Buehrer served as State Representative from 1998 to 2007. While Representative he was elected Assistant Majority Floor Leader for both the 124th and 125th General Assembly. He has also served as an intern for former Congressman Paul Gillmor, as an aide to former State Representative Jo Ann Davidson, and served in the administration of Governor George V. Voinovich. Buehrer serves as the state co-chair of the American Legislative Exchange Council (ALEC).

==Ohio Senate==
In 2006, Senator Lynn Wachtmann was unable to run for reelection for the 1st district due to term limits, as a result, Buehrer, who was also term limited, sought the seat. In the primary election, he faced Jim Hoops, who was also an incumbent member of the Ohio House of Representatives. Buehrer easily won the Republican nomination against Hoops, securing 60.75% of the electorate. With the district being one of the most Republican in Ohio, Buehrer easily won the general election with 60.08% of the vote. He took a seat in the Senate on January 2, 2007, and served as Chairman of the Highways and Transportation Committee in his freshman term.

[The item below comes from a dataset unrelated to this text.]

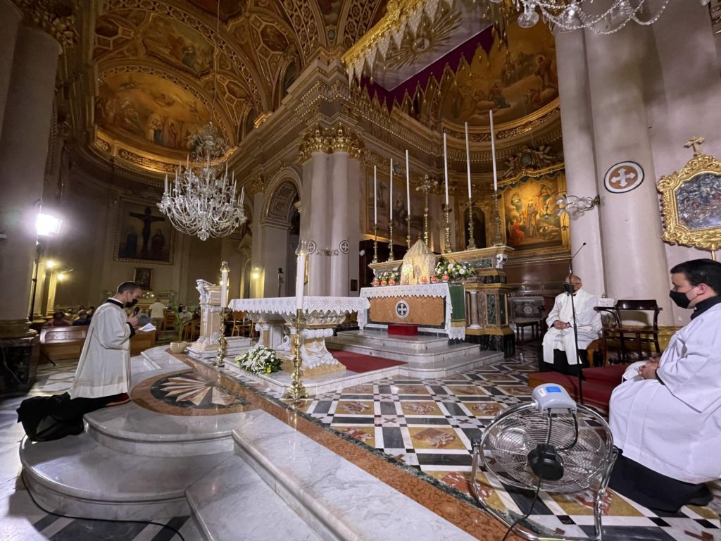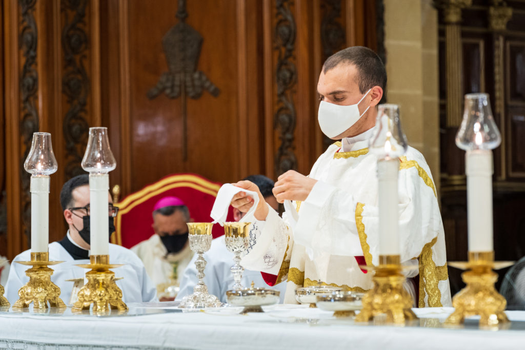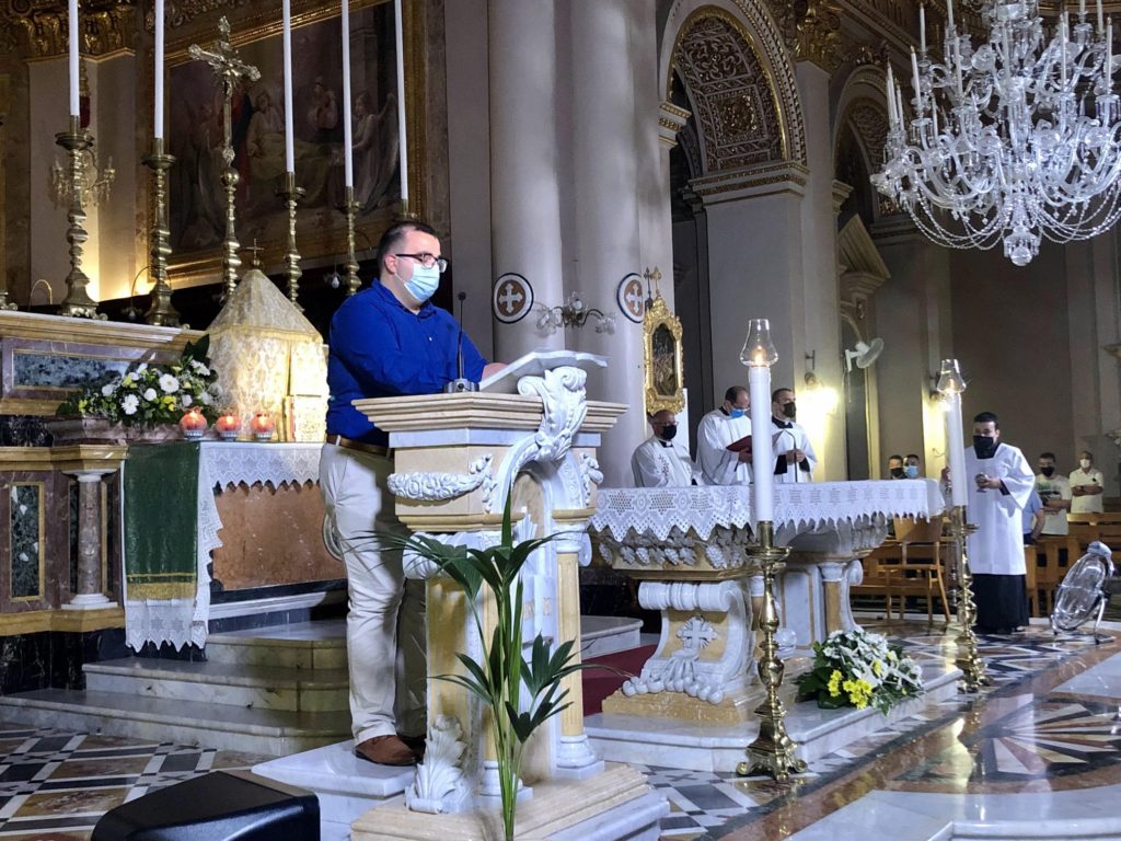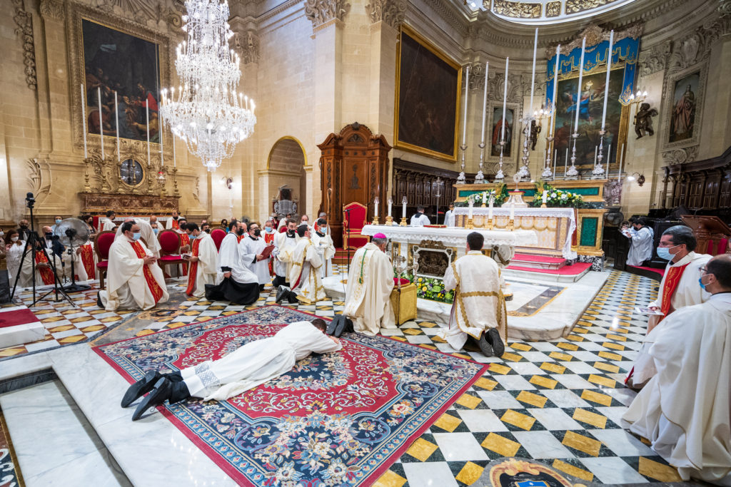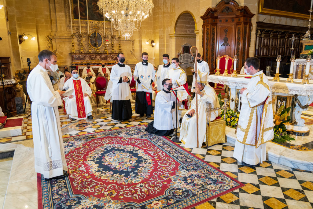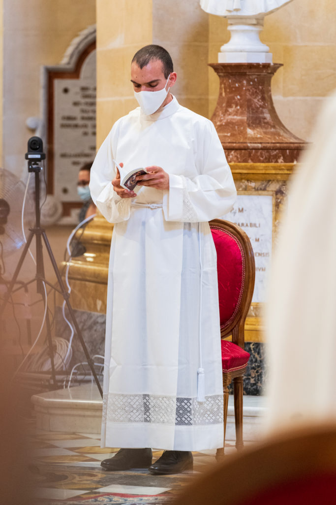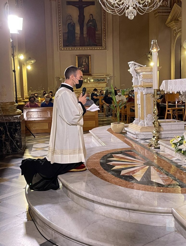 The prayers, led by the Rector of the Seminary Can Richard-Nazzareno Farrugia, commenced at 8.00pm. The youth group of Qala Parish animated the celebration with music and singing. The vigil was divided into two main parts. The first part focused on the Word. It included hymns of praise to God and the saints, the proclamation of the Gospel, readings from the magisterium of Pope Francis, and a reflection by the Rector. The second part was a eucharistic celebration. After the exposition of the Blessed Sacrament, seminarian Gabriel, kneeling before the Lord present in the Eucharist, made a prayer about his vocation. The evening of prayer concluded with the Eucharistic Benediction. In continuation with the vigil silent adoration was held at the Seminary during the night, between 10.00pm and 7.00am of the following morning. The diaconal ordination of seminarian Gabriel Vella took place in the evening of the 18th of June at the Cathedral of the Assumption of Our Lady in Victoria.

When Congressman Paul Gillmor died unexpectedly, Buehrer entered the special election to replace him. However, he failed to secure the Republican nomination, losing to Bob Latta 43.66% to 40.23%.

Returning to the Senate, Buehrer served as chairman of the Insurance, Commerce and Labor Committee for the 128th Ohio General Assembly. He won reelection to his seat in 2010, securing exactly 74% of the vote against Democrat Eric Cramner.

In late November 2010, Governor-elect John Kasich announced that Buehrer would serve as the next director of the Ohio Bureau of Workers' Compensation. Although he had just won a second term, he resigned from his Senate seat to take the post, and was succeeded by Cliff Hite.